**Description of the task**
Transcribe all of the data verbatim, please, and leave out its pictures.
### Data block ###
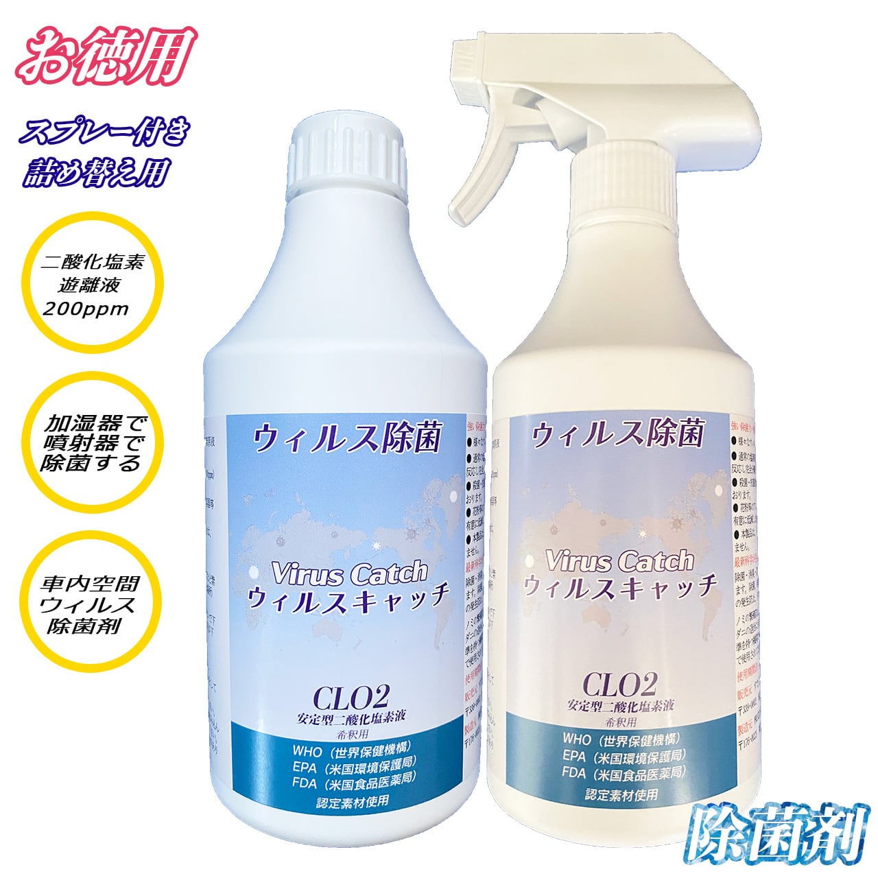 ウィルスキャッチ・二酸化塩素遊離液200ppm【500ml×2本】スプレー&詰め替えタイプ
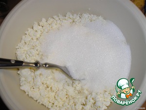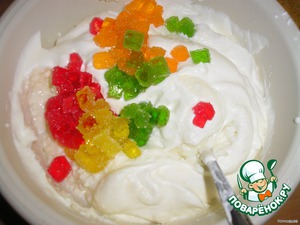 В творожную массу добавляем взбитые сливки с сахаром и нарезанные дольки мармелада
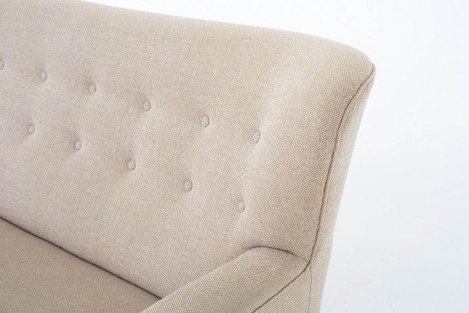 Sofa in original beige Hallingdal wool with legs in stained beech.
###
**Response below**
 ウィルスキャッチ・二酸化塩素遊離液200ppm【500ml×2本】スプレー&詰め替えタイプ
 В творожную массу добавляем взбитые сливки с сахаром и нарезанные дольки мармелада
 Sofa in original beige Hallingdal wool with legs in stained beech.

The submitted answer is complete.